Not a fire. A medical assist, the calm dispatch voice rattling off an address, but it does not matter what it is.

The spell shatters. Chase's face slams shut again, the mask back up so fast it is like it never slipped, and he steps back, and the eighteen inches of air between us turns back into a canyon.

"That's us," he says. Flat. "Move."

We move.

The whole call I am useless in my own head, going through the motions, my hands doing the job while the rest of me is stuck in that bunk room watching the door close on his face.

Because that is the part that guts me. He stepped toward me.

He almost said something. And then the world reminded both of us, in about half a second, exactly how little privacy we have, exactly how fast we can be ripped apart by a sound, exactly how this whole thing could blow up if it ever got the chance.

Maybe that is why he is doing this. The thought arrives small and cold. Maybe the walls are not because he regrets it. Maybe they are because he is scared, the way the captain warned, the way the house talks. Maybe.

Or maybe I am just doing the thing I always do, spinning gold out of nothing, building a whole story so I do not have to sit with the simpler one. The simpler one being: it meant something to me and nothing to him.

By the time we get back it is afternoon and I am wrung out, the sunshine all burned off, nothing left underneath but the ache.

Chase disappears into the captain's office for a debrief.

I sit on the rear step of the engine, in the exact spot where he found me nights ago, and I do not even have it in me to find something to clean.

He comes out eventually. Crosses the bay. For a second I think he is going to stop, going to say something, going to give me one real word.

He slows. He looks at me. His mouth opens.

"Get some rest, Healy," he says. "Long night last night."

And then he is gone, into the bunk room, and the door swings shut behind him.

Long night last night.

That is what he is calling it. A long night. Like it was a busy shift. Like it was nothing.

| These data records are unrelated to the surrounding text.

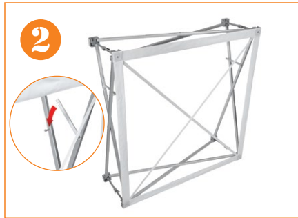
2. Open the frame
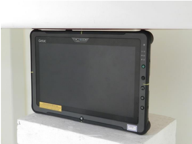
Edge1, Test Separation 0 mm
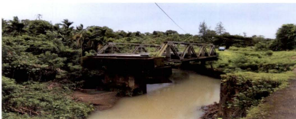
Pic 1: Bridge between Shamkund and Kalsi connecting road at ward No.1 Bakultala

be completed by March 2006. Against tendered amount of ₹ 35.64 lakh, ₹ 16.87 lakh was paid to the contractor (March 2005). The contractor communicated (May 2008/ July 2009/ December 2009) that after the Tsunami of December 2004, the width of the nallah had increased and thus it was not possible to fix 20 metre span bridge over the site. The Assistant Engineer (AE), Rangat, also reported (July 2009) that the abutment constructed for the above work had slid from its alignment and fallen and was of no use. However, ZP did not act on the contractor's letters or the report of the AE, and the contractor completed the steel bridge of 20 metre width by June 2014 and was paid ₹ 26.85 lakh up to December 2014. Since the width of the stream is wider than the bridge length, the bridge is not connected to the two banks and cannot be used, resulting in wasteful expenditure of ₹ 26.85 lakh. The Department accepted (September 2016) the facts.
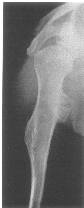
Figure 2 Right humerus illustrating two exostoses.

reciprocal translocation involving chromosome 8. It is now increasingly evident that some apparently balanced reciprocal translocations are not without
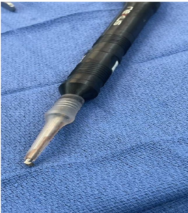
Figure 2. The BoneScalpel (Misonix) with hook shaver (widen laminectomy if needed).

After a standard subperiosteal dissection through an open or mini-open incision, the interspinous ligament should be divided with cautery or sharply (Figure 3), with the purpose of isolating the level(s) of interest. Rongeurs can be now used to bite the spinous process down to the level of the lamina until the ligamentum flavum can be plainly identified in relation to the lamina (Figure 4). The pars interarticularis should now be identified bilaterally. After marking a line or point that is at 5 mm from the pars' lateral extent, longitudinal troughs are cut from the top to the bottom of the lamina(e) of interest. At this point, the lamina does not need to be completely floating and freely detached. Next, a transverse trough (Figure 5A) is cut through the superior third of the respective lamina connecting the longitudinal troughs like the letter "H" (Figure 5B). A mallet and curved osteotome are now used to access, loosen, and mobilize the inferior laminar segment caudally (Figure 6). Once elevated away from the spinal canal, it is removed with rongeurs. Cottonoids are now placed onto the dura or remaining ligamentum flavum. Kerrison rongeurs are now used to remove the remaining

I sit there in the cooling bay with the bruise aching across my back and his coffee-and-smoke smell still somehow in my head, and I feel the hope finally give out for good.

I am not sunshine. Not right now. Right now I am just a twenty-one-year-old kid who crossed a line he cannot uncross for a man who has apparently decided to pretend the line was never there.

I told myself the dangerous part was naming it.

I was wrong. The dangerous part was hoping he would name it back.